Jayden Epps, 6-2, freshman

Comparison time again!

“He’s a Frank Mason-type guy,” Underwood says.

Epps actually has a few inches and a couple pounds — he’s listed at 190 on the initial 2022-23 roster — on the former Kansas star to which Underwood refers. Mason also wasn’t a volume scorer until his senior season, and that appears to be Epps’ forte walking in the door. “Jayden is as gifted a scorer as I’ve seen,” Underwood says. “He just knows how to put the ball in the basket. And when his ball gets up on the rim, it always falls in. So, he’s a guy who can play on the ball. He can play off the ball. He and Skyy and Sencire (Harris) — all three of those guys have the ability to beat you one-on-one, which was something that was a problem for us last year.”

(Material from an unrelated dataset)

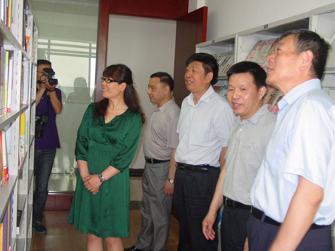 右圖為楊紀(jì)朝副會長(右一)一行在市委、市經(jīng)信委和公司領(lǐng)導(dǎo)的陪同下在公司圖書室參觀的場景。
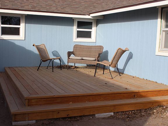 This classy property has been totally remodeled including all new electric, a new roof, new siding and so much more. The beautiful new kitchen includes new cupboards, counter tops and sink. New stainless steel appliances including the stove/range, refrigerator, microwave and dishwasher have been included in this kitchen. Hard wood laminate flooring extends throughout the entire home. The nook dining area is conveniently located just off the kitchen and provides a cozy eating area. A great bonus room is perfect for a computer center, play area or a quiet spot to relax and read. The striking propane fireplace is centrally located and spreads warmth throughout the home. A small addition to the home has allowed the master bedroom to be enlarged allowing for a large walk in closet and an incredibly beautiful master bathroom which has a double vanity with marble counter top and a full bathtub surrounded by marble tile with striking accent tiles. An additional bedroom and a elegant guest bath give this home comfortable accommodations for guests. The laundry is located on the main floor hidden away in the bonus area by folding doors. A pantry and storage area can be located in the unfinished basement area. A large new deck is located in the southeast corner nook of the home providing a very secluded and sheltered area for picnics and relaxing. The metal frame garage is located next to the home with room for one vehicle and extra work space. A creatively painted propane tank ads a touch of joy in the back yard along with space for a pet or children to play.

Sencire Harris, 6-4, freshman

Downside: A playing weight of 160 pounds, which is what Illinois currently lists Harris at, isn’t going to withstand the grind of a power-conference schedule. Upside? The athleticism might be off the charts once the strength comes along. “He’s already broken all of (strength coach Adam Fletcher’s) records in terms of jumping. All the quick-twitch stuff in terms of what we do with force plates. He’s so gifted athletically. And even though he doesn’t have tremendous weight on him yet, he’s pretty strong.”

Ty Rodgers, 6-6, freshman

Of all the incoming freshmen, Rodgers might be the most compelling. He’s emblematic of the way Illinois wants to play, period, as a wing who in Underwood’s estimation can play anything from point guard to power forward while guarding all five spots. And while adding some scoring punch from guards who can go get their own shot has value, as Underwood noted, Rodgers might not need to score to contribute to winning in a significant way. “Ty was the kid that I thought on the AAU circuit last year was the one player who impacted winning the most,” Underwood says. “That’s a huge thing I look for. Not the guy who scores the most points, but the guy who does all the other things to help you win. He was as good a passer as I saw last year on the circuit. He elevates everybody else’s game around him.”